Cette nuit, le monde à perdu l’un de ses génies modernes et de ses plus grands visionnaires. Steve Jobs nous a bel et bien quitté.

Personnellement, il a toujours été un mentor dans sa façon de penser « Stay hungry, stay foolish! » (voir la vidéo ci-dessous de son discours de 2005 à Stanford), une référence dans son parcours. L’homme qui a permis à Pixar et Apple d’être ce qu’elles sont aujourd’hui était une vraie tête de mule et un homme exigeant.
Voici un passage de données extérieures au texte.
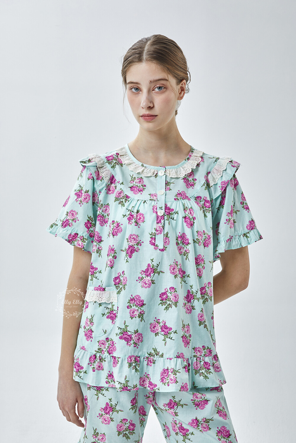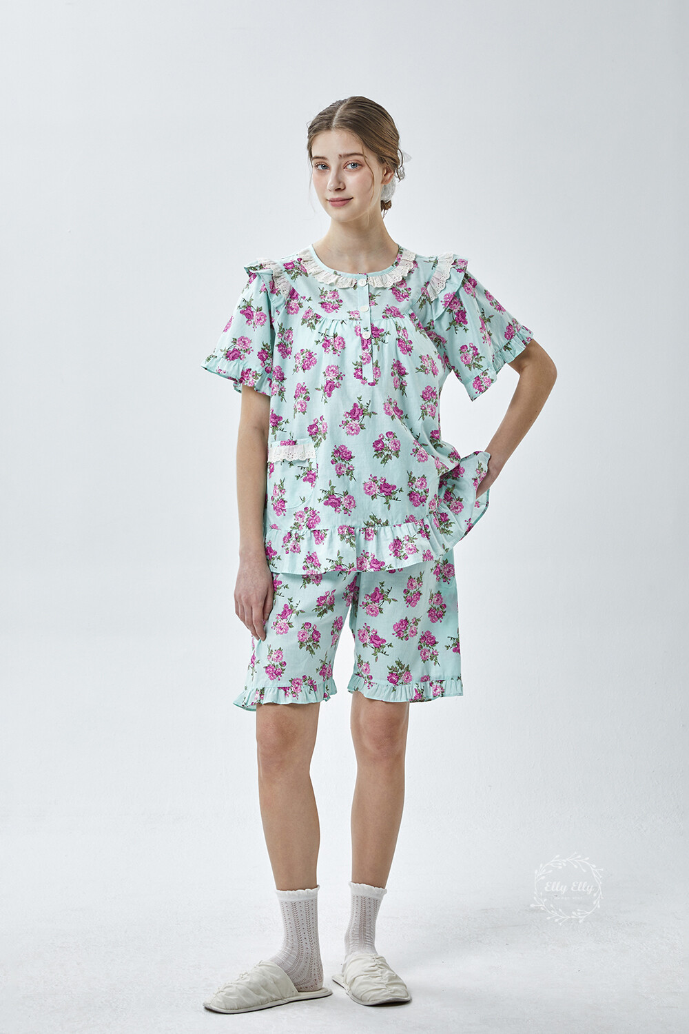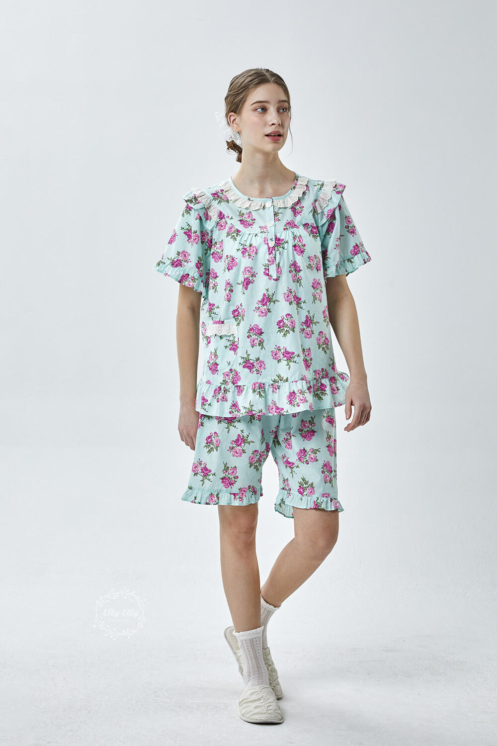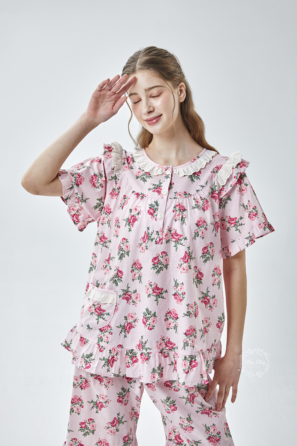 LL-907 엘리엘리 정품 꽃무늬 프릴레이스 반팔상하 2COLOR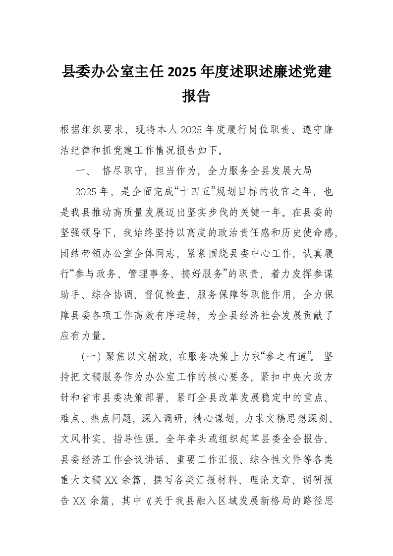首页工作文档县委办公室主任2025年度述职述廉述党建报告

Il savait ce qu’il voulait et souvent, ce qu’il voulait était impossible pour la majorité. Difficile d’être à la hauteur d’un tel homme et c’est ce qui lui a valu pas mal d’inimitiés.

Et pourtant ce matin, combien de personnes se sentent concernées par la disparition d’un geek ? Steve Jobs a marqué son temps comme très peu d’hommes l’ont fait. Il fait partie des grands. Oh, il n’a pas fait de guerre pour en arriver là mais son empreinte est si importante qu’il a bouleversé notre quotidien technologique, notre vie de tous les jours, l’approche de l’ergonomie dans le monde, du design. Au delà de la technologie, c’est son approche qui a révolutionné notre monde. Il a toujours voulu faire bouger les choses, ne jamais se contenter du « bien » et toujours viser l’excellence. Et ce sera pour cette révolution qu’on devra se souvenir de Steve Jobs dans l’avenir. Steve Jobs est un révolutionnaire des temps modernes.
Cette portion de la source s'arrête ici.